- AVAILABLE DATA -
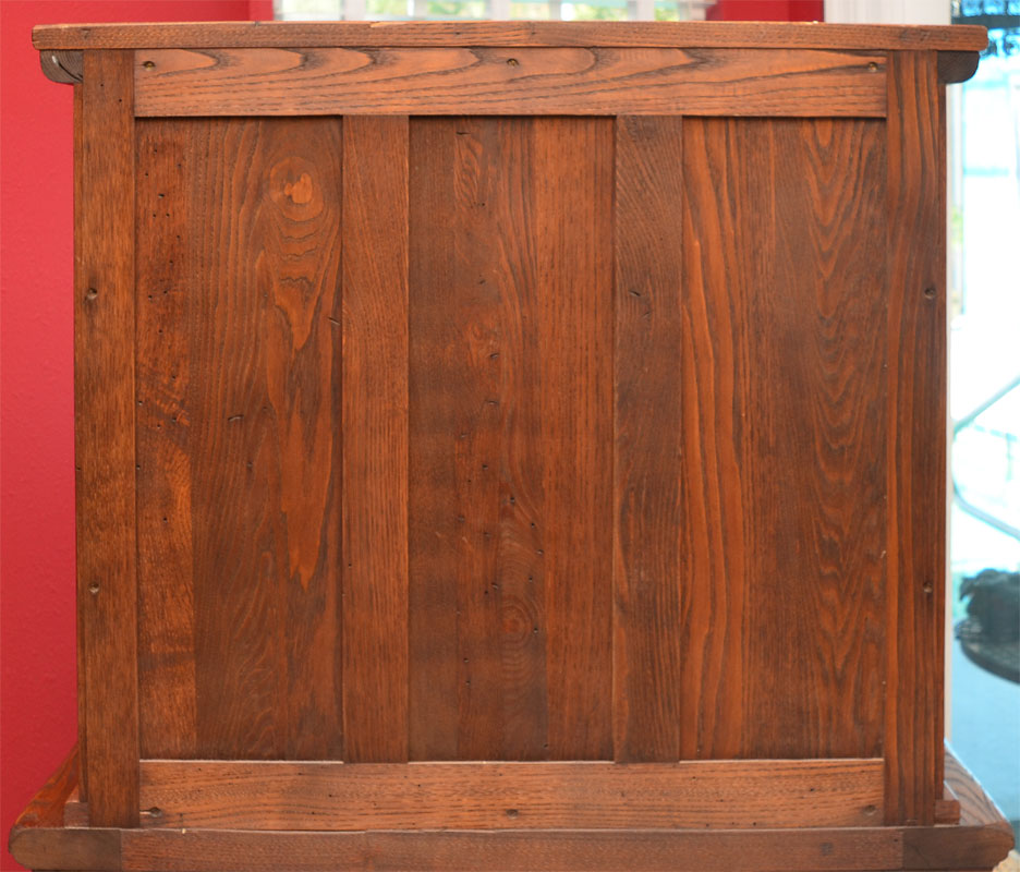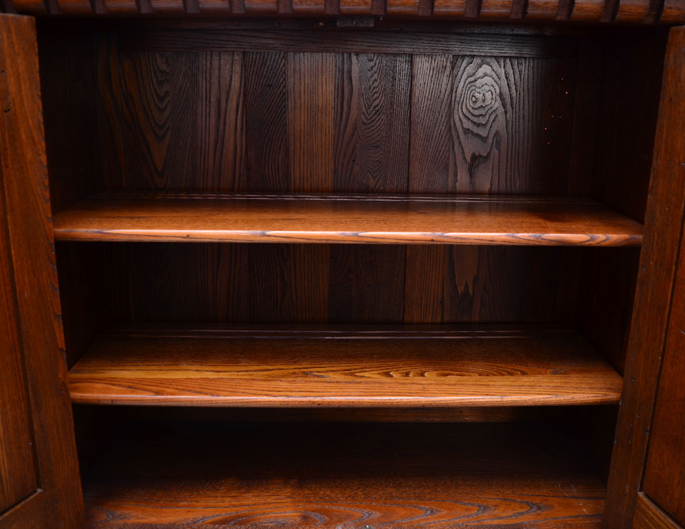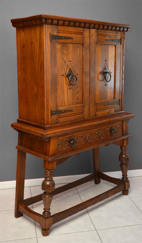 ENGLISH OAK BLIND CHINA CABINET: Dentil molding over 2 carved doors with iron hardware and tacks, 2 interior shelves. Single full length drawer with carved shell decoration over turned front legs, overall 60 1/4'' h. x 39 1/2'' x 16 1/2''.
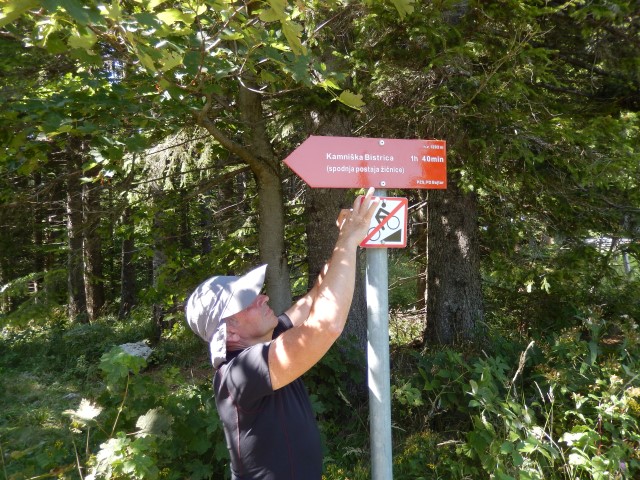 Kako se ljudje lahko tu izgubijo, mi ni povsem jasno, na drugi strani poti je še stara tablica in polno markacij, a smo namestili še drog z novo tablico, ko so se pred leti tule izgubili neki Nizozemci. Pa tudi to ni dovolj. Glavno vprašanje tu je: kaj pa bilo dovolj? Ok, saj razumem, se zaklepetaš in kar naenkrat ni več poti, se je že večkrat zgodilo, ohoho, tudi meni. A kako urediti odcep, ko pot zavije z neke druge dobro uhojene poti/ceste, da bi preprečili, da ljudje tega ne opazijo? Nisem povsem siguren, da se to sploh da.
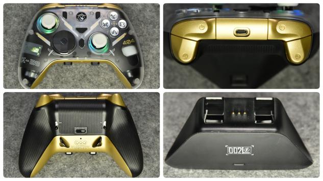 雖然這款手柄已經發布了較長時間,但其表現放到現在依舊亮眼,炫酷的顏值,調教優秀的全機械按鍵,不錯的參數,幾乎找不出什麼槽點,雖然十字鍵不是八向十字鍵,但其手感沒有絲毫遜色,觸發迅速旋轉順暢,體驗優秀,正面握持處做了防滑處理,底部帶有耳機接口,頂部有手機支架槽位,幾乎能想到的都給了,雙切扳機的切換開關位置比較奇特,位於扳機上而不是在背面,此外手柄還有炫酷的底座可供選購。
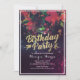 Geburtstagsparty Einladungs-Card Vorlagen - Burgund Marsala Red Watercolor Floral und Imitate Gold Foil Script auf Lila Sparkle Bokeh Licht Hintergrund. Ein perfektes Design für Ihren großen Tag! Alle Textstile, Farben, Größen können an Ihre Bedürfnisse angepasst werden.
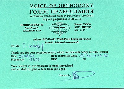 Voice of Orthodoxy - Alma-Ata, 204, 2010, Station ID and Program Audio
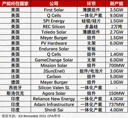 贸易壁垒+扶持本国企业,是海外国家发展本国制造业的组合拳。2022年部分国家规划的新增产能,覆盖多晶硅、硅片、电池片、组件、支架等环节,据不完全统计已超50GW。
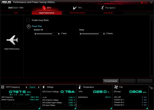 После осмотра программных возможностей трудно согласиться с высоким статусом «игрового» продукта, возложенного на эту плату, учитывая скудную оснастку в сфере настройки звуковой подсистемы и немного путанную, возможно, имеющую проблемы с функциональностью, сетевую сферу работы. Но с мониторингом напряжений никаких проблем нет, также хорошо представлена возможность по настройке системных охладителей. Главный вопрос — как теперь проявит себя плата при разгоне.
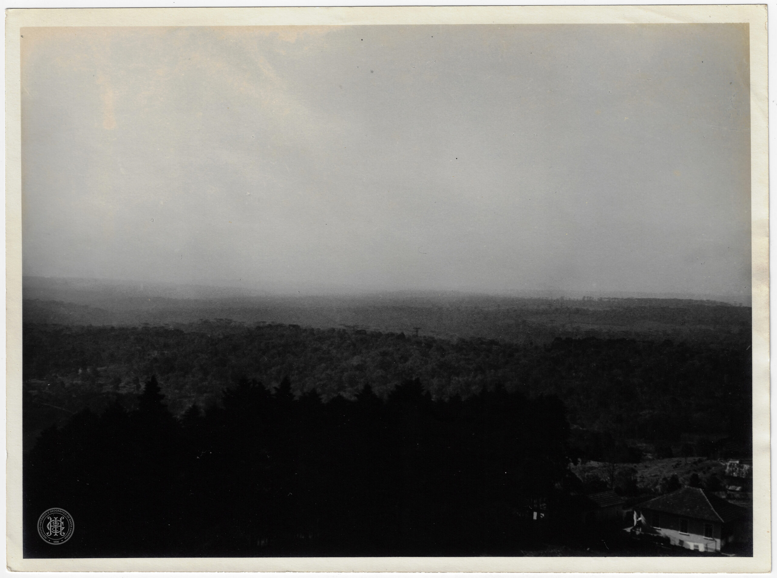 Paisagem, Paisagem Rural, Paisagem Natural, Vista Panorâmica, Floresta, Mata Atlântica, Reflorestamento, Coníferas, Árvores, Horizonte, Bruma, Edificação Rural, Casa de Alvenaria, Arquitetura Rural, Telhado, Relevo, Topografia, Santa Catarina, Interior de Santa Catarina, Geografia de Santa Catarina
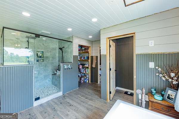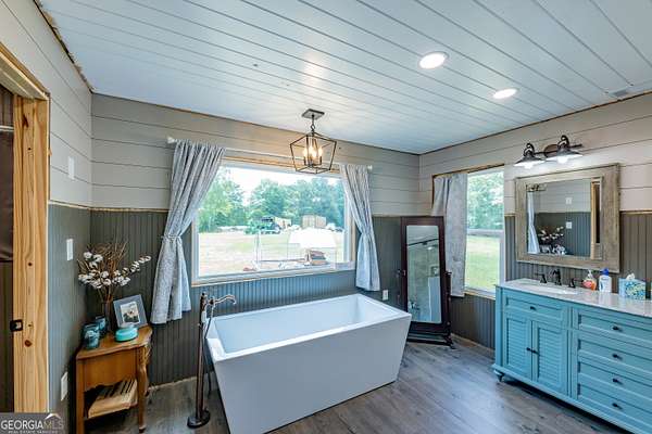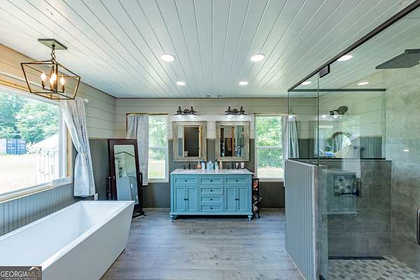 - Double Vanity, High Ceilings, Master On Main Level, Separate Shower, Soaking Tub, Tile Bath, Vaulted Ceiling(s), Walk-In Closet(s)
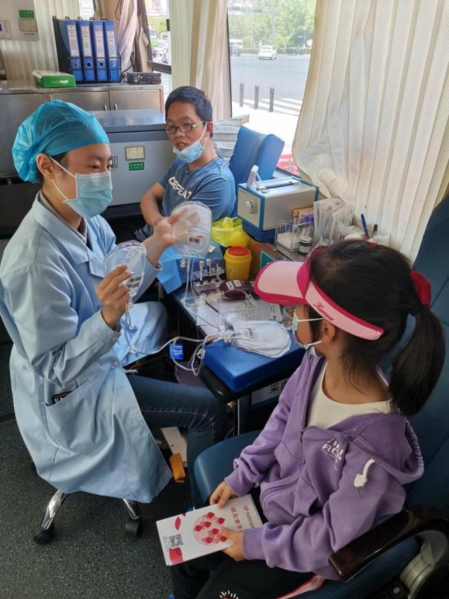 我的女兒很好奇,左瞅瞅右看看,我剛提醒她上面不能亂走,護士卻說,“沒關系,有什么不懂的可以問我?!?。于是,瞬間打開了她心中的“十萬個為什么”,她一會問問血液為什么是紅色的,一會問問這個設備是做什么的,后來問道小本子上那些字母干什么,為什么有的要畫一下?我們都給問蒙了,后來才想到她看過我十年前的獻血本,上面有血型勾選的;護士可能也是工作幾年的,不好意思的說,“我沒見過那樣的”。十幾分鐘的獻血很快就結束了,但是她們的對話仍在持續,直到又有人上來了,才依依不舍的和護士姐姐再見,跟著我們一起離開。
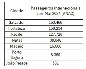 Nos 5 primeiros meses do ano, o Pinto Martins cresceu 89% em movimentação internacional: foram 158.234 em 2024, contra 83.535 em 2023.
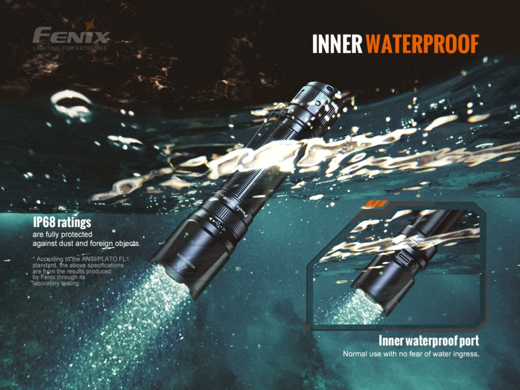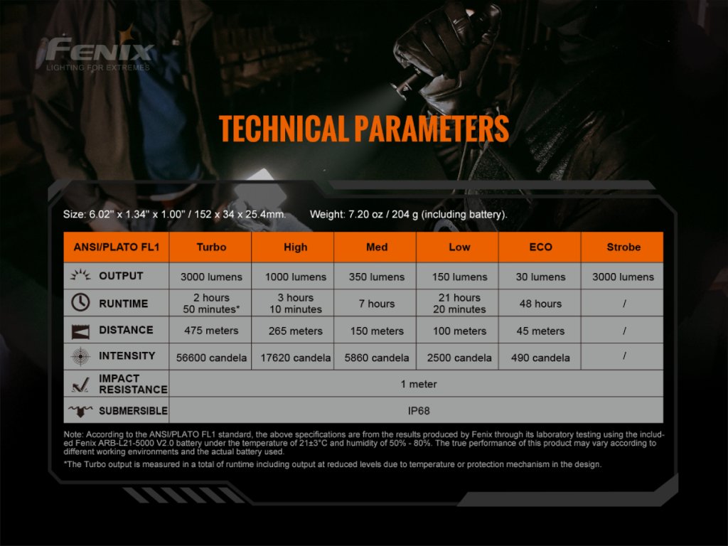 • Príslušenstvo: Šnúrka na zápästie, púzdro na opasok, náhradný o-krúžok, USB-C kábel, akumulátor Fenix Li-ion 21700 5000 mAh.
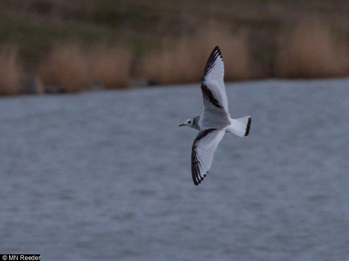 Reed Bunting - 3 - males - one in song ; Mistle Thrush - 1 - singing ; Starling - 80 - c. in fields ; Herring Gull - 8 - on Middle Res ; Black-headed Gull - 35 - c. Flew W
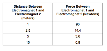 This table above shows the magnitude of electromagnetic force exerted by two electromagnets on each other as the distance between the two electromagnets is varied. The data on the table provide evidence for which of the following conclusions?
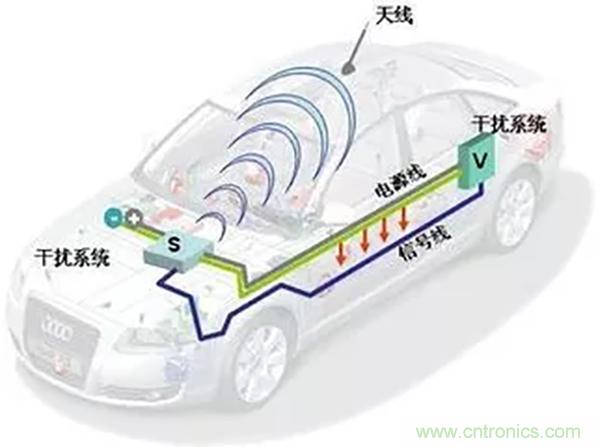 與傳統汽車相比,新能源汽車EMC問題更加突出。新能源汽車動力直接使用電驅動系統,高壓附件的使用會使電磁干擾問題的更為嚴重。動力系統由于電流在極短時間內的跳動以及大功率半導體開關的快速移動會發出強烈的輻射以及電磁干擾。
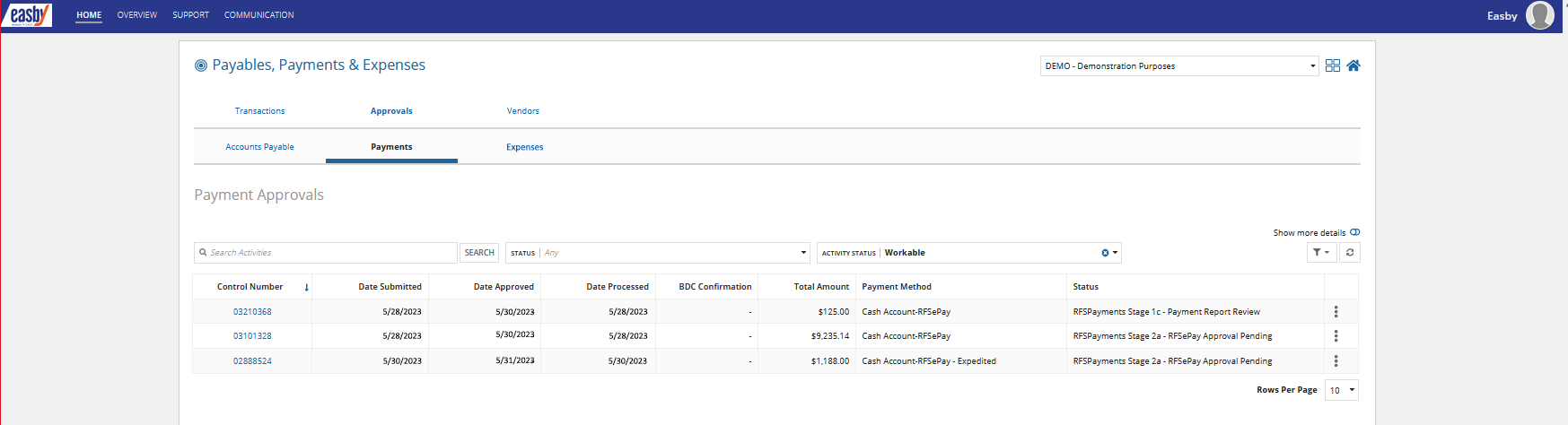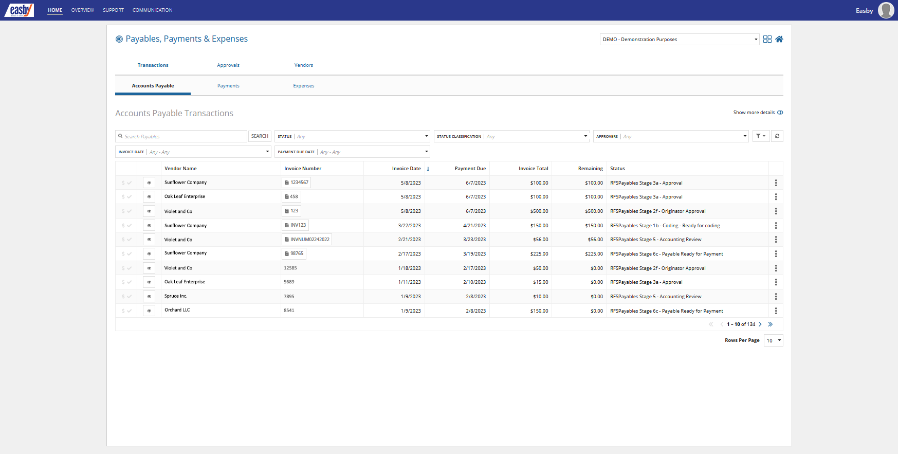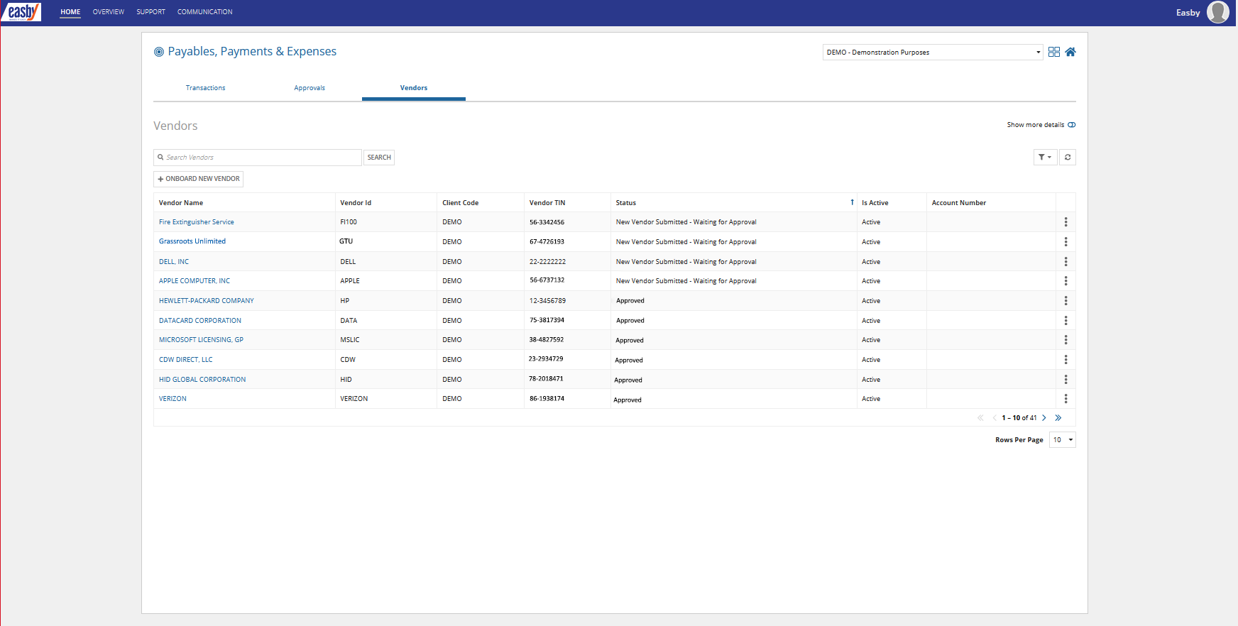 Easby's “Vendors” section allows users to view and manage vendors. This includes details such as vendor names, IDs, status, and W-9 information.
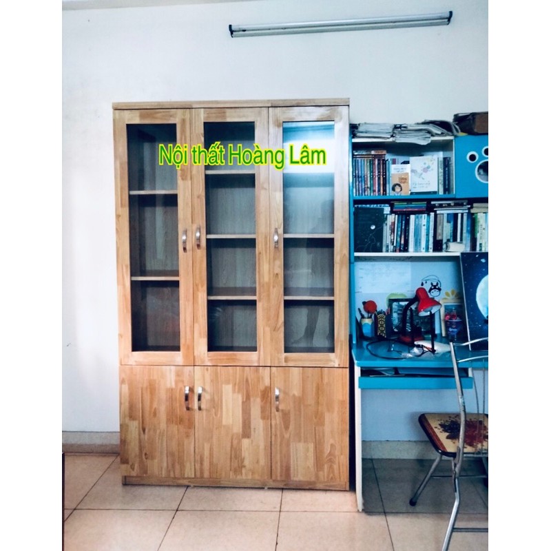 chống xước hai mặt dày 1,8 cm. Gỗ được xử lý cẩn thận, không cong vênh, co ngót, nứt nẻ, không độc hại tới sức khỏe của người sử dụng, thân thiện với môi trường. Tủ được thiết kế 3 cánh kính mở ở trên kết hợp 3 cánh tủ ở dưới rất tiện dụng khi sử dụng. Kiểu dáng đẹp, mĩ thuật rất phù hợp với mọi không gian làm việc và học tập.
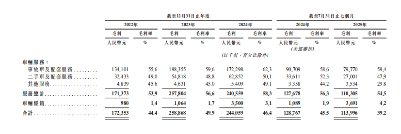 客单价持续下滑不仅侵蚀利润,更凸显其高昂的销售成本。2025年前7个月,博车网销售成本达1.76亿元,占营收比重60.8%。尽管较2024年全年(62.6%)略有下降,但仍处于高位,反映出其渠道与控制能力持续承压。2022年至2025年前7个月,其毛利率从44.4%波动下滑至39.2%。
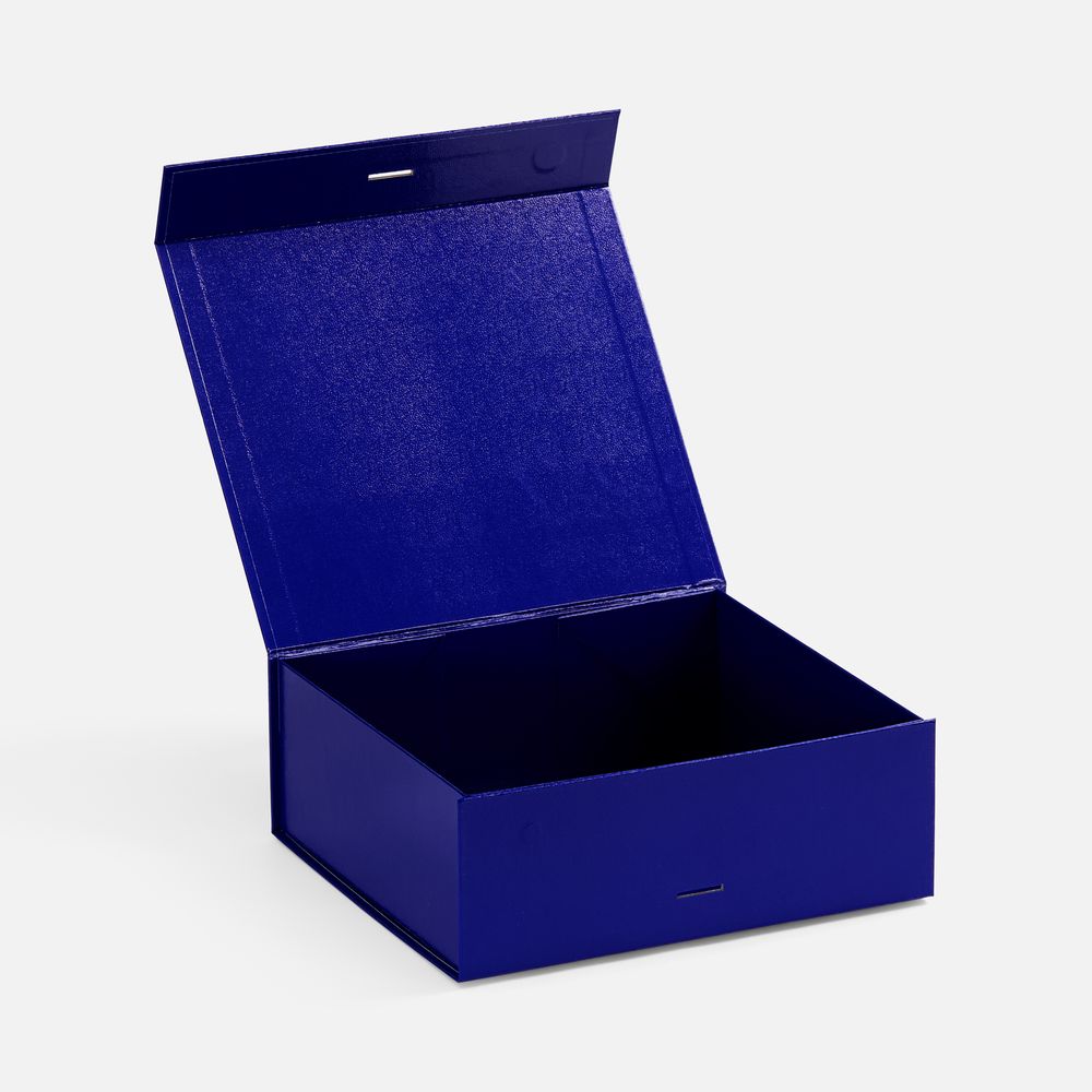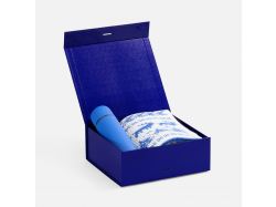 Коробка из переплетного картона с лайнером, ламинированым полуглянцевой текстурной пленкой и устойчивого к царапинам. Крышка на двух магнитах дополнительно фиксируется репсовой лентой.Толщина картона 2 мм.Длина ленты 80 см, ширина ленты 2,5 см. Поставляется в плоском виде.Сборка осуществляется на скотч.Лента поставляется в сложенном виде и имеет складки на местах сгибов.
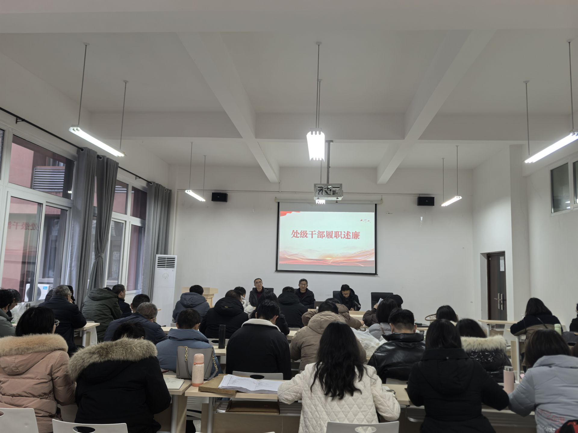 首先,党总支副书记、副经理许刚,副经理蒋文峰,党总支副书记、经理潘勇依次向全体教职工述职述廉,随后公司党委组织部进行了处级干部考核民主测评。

- ACTIVITY -
Working from the data above, repeat exactly, and only, the lines that begin at the line containing "雖然這款手柄已經發布了較長時" and stop after the line containing "После осмотра программных"; pictures are not copied.

- RESULT OF THIS TASK -
 雖然這款手柄已經發布了較長時間,但其表現放到現在依舊亮眼,炫酷的顏值,調教優秀的全機械按鍵,不錯的參數,幾乎找不出什麼槽點,雖然十字鍵不是八向十字鍵,但其手感沒有絲毫遜色,觸發迅速旋轉順暢,體驗優秀,正面握持處做了防滑處理,底部帶有耳機接口,頂部有手機支架槽位,幾乎能想到的都給了,雙切扳機的切換開關位置比較奇特,位於扳機上而不是在背面,此外手柄還有炫酷的底座可供選購。
 Geburtstagsparty Einladungs-Card Vorlagen - Burgund Marsala Red Watercolor Floral und Imitate Gold Foil Script auf Lila Sparkle Bokeh Licht Hintergrund. Ein perfektes Design für Ihren großen Tag! Alle Textstile, Farben, Größen können an Ihre Bedürfnisse angepasst werden.
 Voice of Orthodoxy - Alma-Ata, 204, 2010, Station ID and Program Audio
 贸易壁垒+扶持本国企业,是海外国家发展本国制造业的组合拳。2022年部分国家规划的新增产能,覆盖多晶硅、硅片、电池片、组件、支架等环节,据不完全统计已超50GW。
 После осмотра программных возможностей трудно согласиться с высоким статусом «игрового» продукта, возложенного на эту плату, учитывая скудную оснастку в сфере настройки звуковой подсистемы и немного путанную, возможно, имеющую проблемы с функциональностью, сетевую сферу работы. Но с мониторингом напряжений никаких проблем нет, также хорошо представлена возможность по настройке системных охладителей. Главный вопрос — как теперь проявит себя плата при разгоне.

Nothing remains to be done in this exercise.